Native American school in New Mexico, United States

Te Tsu Geh Oweenge School, also known as Te Tsu Geh Oweenge Community School, Te Tsu Geh Oweenge Day School, Tesuque Pueblo Day School, and Tesuque Day School, is a Bureau of Indian Education (BIE)-affiliated tribal school, located in Tesuque Pueblo, New Mexico. It has elementary school grades.

The school was formerly directly operated by the Bureau of Indian Affairs (BIA). It includes Tewa language instruction and emphasizes communitarian points of view.

==History==
It first opened in the 1950s. The school was formerly directly operated by the Bureau of Indian Affairs (BIA).

In the period 1984-2003, the school had 14 people acting as principals. Circa 2003 it was common for teachers in the special education field to only work at this school for a short period of time.

By 2003, the campus included the main building and several temporary buildings. In 2002, the enrollment was 34, and in 2003, the enrollment was 19.

In the 1970s the school had multi-grade classrooms with free-form learning environments, and older students were expected to assist younger students. Food preparation was part of the curriculum.

==Campus==
Its original building, made of adobe, was established in the 1930s and previously served as a residence for teachers. In 2015 James McGrath Morris wrote that the main building that year had a similar appearance to its original one.

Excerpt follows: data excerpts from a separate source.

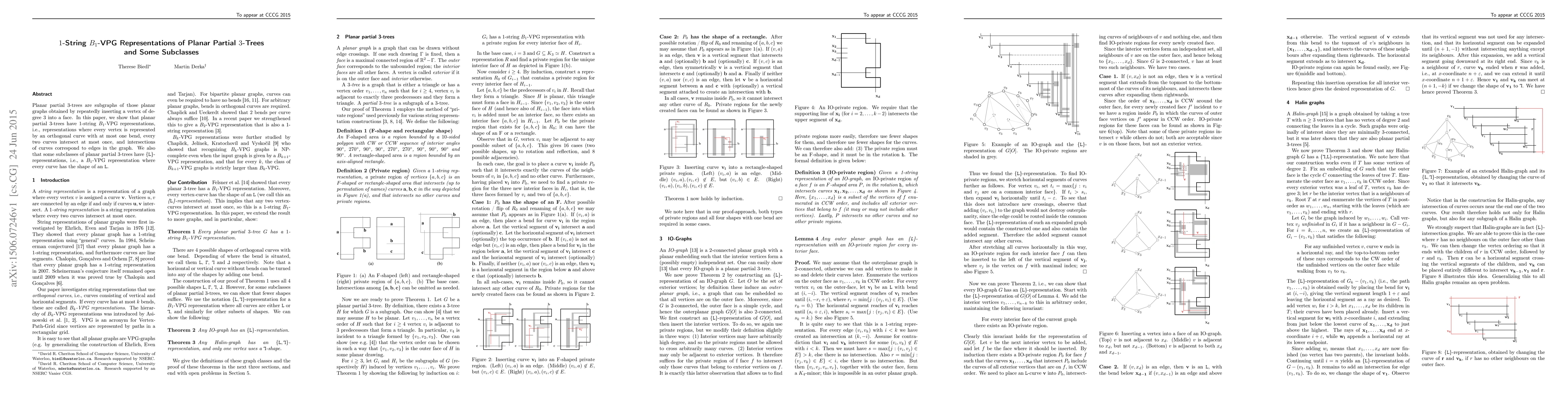 The work extends previous research on string graph representations by providing representations for planar partial 3-trees and specific graph subclasses (IO-graphs and Halin-graphs) using 1-string B1-VPG and L-representations.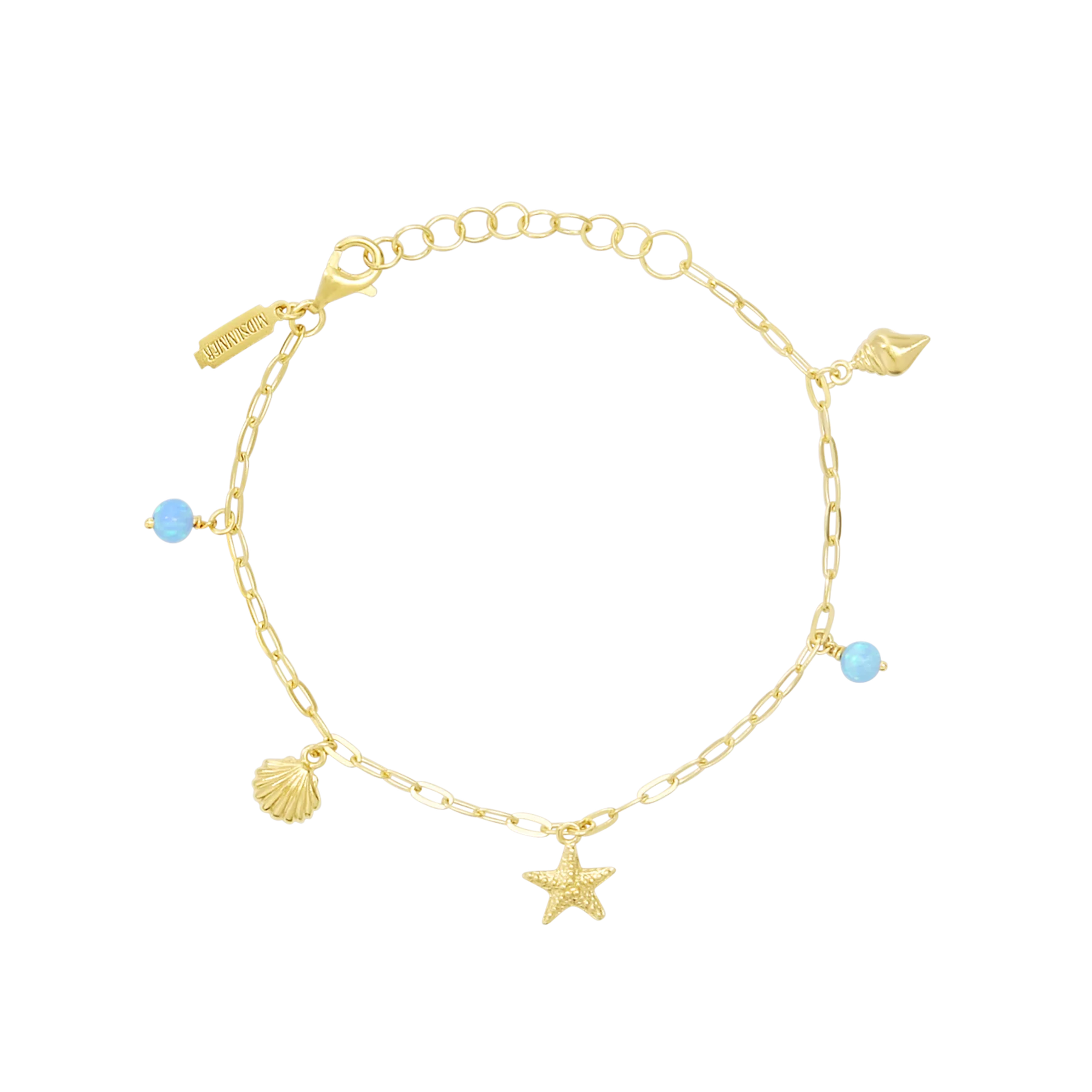 Embody the ethereal spirit of the sea with our Oceanic Opal Charm Bracelet, intricately crafted in gold vermeil featuring iridescent opaline.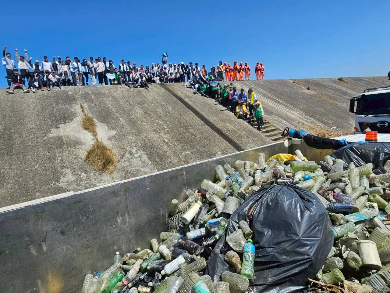 為改善河岸垃圾堆積問題,政府、企業、學校與民間團體昨11日舉辦「青銀淨堤撿塑大行動」,共有130名志工熱情響應,包括及嘉義、雲林環保局、東石鄉公所、水環境巡守隊、信義房屋志工、南華大學學生等單位齊心清理,當日共清除約1068公斤垃圾,包含塑膠廢棄物、玻璃瓶及一般垃圾等。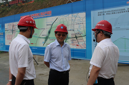7月9日,重庆市发展与改革委员会副主任欧阳林一行到中建隧道龙洲湾项目施工现场进行调研指导,重庆茂和基础设施建设有限公司董事长吴建良、龙洲湾一分部项目经理张吉港等陪同。

In 1977 Rosanna Hall of the Santa Fe New Mexican stated that the school was given decor like that of a residential house. In 1987, the school had two buildings, with the main building having the library, kindergarten classes, and a class with grades 4–6. The cooking facility and a class with grades 1-3 were in the second building. Inez Russell of the Gannett News Service described the campus as "cozy". By 2003, the campus included the main building and several temporary buildings.

==Student matriculation==
Some alumni, as of 1987, moved on to the public district-operated middle school of Pojoaque Valley Schools, while others moved on to Santa Fe Indian School, a BIA/BIE-operated secondary school.